As a Data Engineer , your main goal is to build and maintain the systems that process and store data for the Events & Exhibitions ecosystem.
You will take scattered, vendor-specific data (from registration systems, apps, marketing tools) and transform it into a unified, AI-ready dataset using a Medallion Architecture on Azure.
Think of it as organizing raw data into a structured pipeline that’s ready for analysis and machine learning.
1. Data Ingestion & API Integration (Bronze Layer) Build and manage robust ETL/ELT pipelines using Azure Data Factory to ingest data from 3rd-party vendors (REST APIs, Webhooks, SFTP).
Ensure raw data is landed securely in Azure Data Lake Gen2 (Bronze Layer) without data loss.
Implement error-handling and logging to monitor the health of real-time and batch ingestion jobs.
2. Transformation & Modeling (Silver & Gold Layers) Utilize PySpark (Azure Databricks/Synapse) and SQL to clean, deduplicate, and standardize data in the Silver Layer.
Execute Identity Resolution logic to stitch together visitor and exhibitor profiles from multiple touchpoints into a "Golden Record.
" Develop optimized data sets in the Gold Layer for high-performance reporting and predictive AI models.
3. Infrastructure & Performance Optimization Optimize SQL queries and Spark jobs to reduce Azure compute costs and minimize data latency.
Maintain the Data Dictionary and technical documentation to ensure the "Engine Room" logic is transparent and scalable.
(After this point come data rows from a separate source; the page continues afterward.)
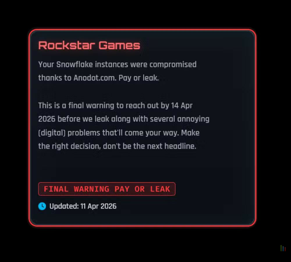 Le géant du jeu vidéo est de nouveau dans la tourmente. Le célèbre groupe de hackers ShinyHunters revendique l’exploit et met la pression sur le développeur de GTA 6. Le groupe serait à l’origine d’une intrusion via un service tiers, l’outil d’analyse Anodot, qui leur aurait ouvert les portes de l’entrepôt de données Snowflake de Rockstar.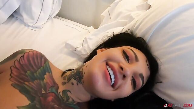 Cute-looking brunette teen Adel Asanty rammed in the bedroom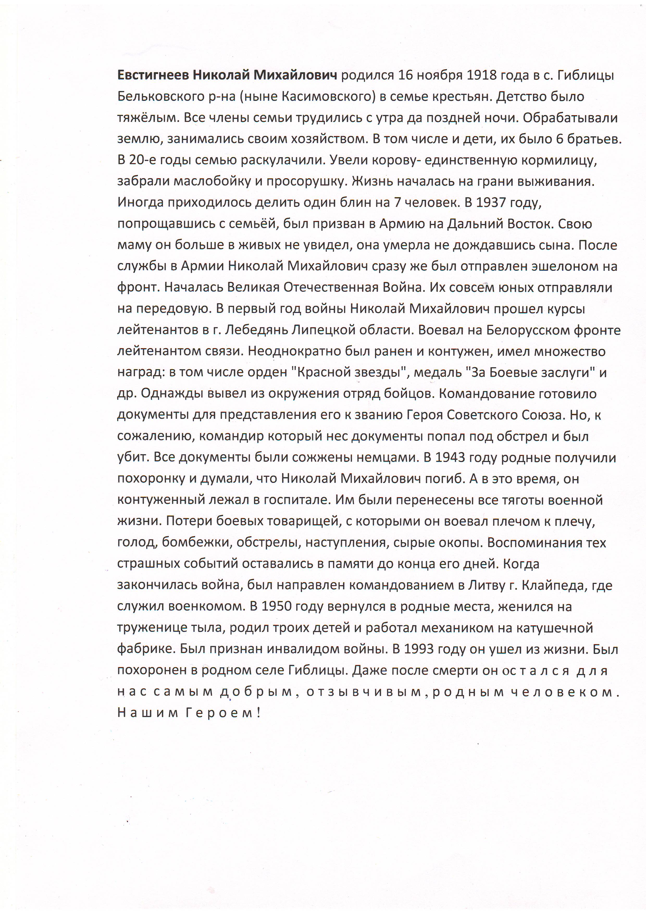 Место рождения: Рязанская область, Касимовский район, с.Гиблицы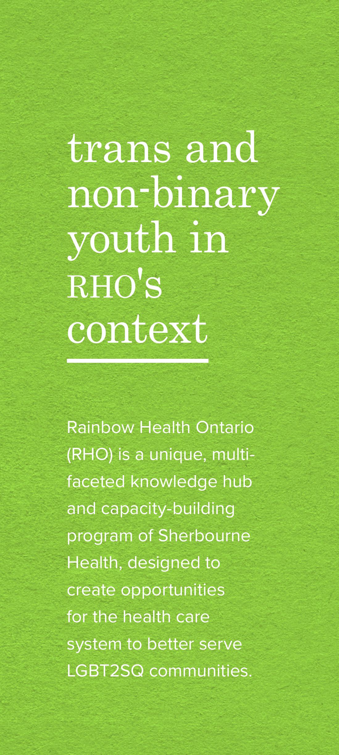 Rainbow Health Ontario (RHO), a program of Sherbourne Health, led a needs assessment to learn abo... more Rainbow Health Ontario (RHO), a program of Sherbourne Health, led a needs assessment to learn about ongoing concerns and challenges faced by trans and non-binary children and youth; their parents and caregivers; and their service providers. In this report, we review the current literature on trans and non-binary children and youth and share their perspectives, along with those of their caregivers, on their health and social needs. We also offer evidence for policy and service development in support of these populations, and provide cross-sectoral recommendations for public and community sector agencies to better address the needs of these youth and their families.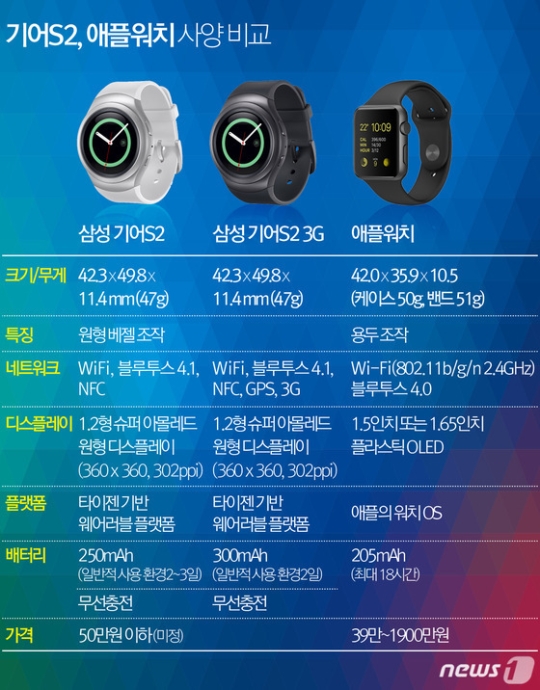 µÎ Á¦Ç°ÀÇ °¡Àå Å« Â÷ÀÌ´Â µð½ºÇ÷¹ÀÌ ¸ð¾ç¿Í Á¶ÀÛ ¹ýÀÌ´Ù. ±â¾îS2´Â ½ÇÁ¦ ½Ã°è°°Àº È­¸é¿¡ ½Ã°è Å׵θ®(º£Á©)À» µ¹·Á »ç¿ëÇÑ´Ù. ¾ÖÇÿöÄ¡´Â ½Ã°è ¿·¸é¿¡ ´Þ¸° ¿ëµÎ¸¦ »ç¿ëÇÑ´Ù. ¾÷°è °ü°èÀÚ´Â £¢½º¸¶Æ®¿öÄ¡´Â µð½ºÇ÷¹À̰¡ À۱⠶§¹®¿¡ ¼Õ°¡¶ôÀ¸·Î ÅÍÄ¡¸¦ Çϸé È­¸éÀ» °¡·Á ºÒÆíÇØ ÅÍÄ¡ ¿ÜÀÇ Á¶ÀÛ ¹æ¹ýÀÌ Áß¿äÇØÁö°í ÀÖ´Ù£¢°í ¼³¸íÇß´Ù.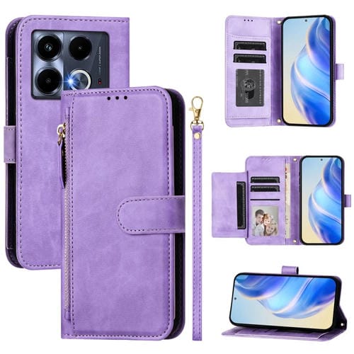 Funda de Cuero con Cremallera y Ranuras para Tarjetas para Infinix Note 40 4G (Morado)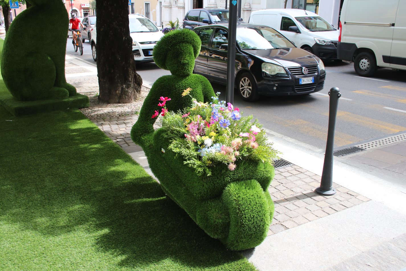 Wjeżdżając do Salò od razu zauważyliśmy ciekawe, zielone rzeźby. Okazało się, że są wykonane ze sztucznej trawy i stanowią wystawę jej producenta.

Implement data masking and security protocols to ensure GDPR and internal compliance.
4. Business Enablement Support the Senior Data Manager in building the Semantic Layer that feeds our Power BI "Data Window.
" Collaborate with the Events Tech team to troubleshoot data discrepancies between front-end apps and back-end tables.
Technical Requirements Experience: 3–5 years in Data Engineering with a focus on Cloud environments.
Core Azure Stack: Proven expertise in Azure Data Factory, Azure Synapse Analytics, and Data Lake Gen2.
Coding: High proficiency in SQL (complex joins/optimizations) and Python/PySpark.
Architectural Knowledge: Practical experience with the Medallion Architecture (Bronze/Silver/Gold).
Integration: Strong experience working with REST APIs and JSON/XML data formats.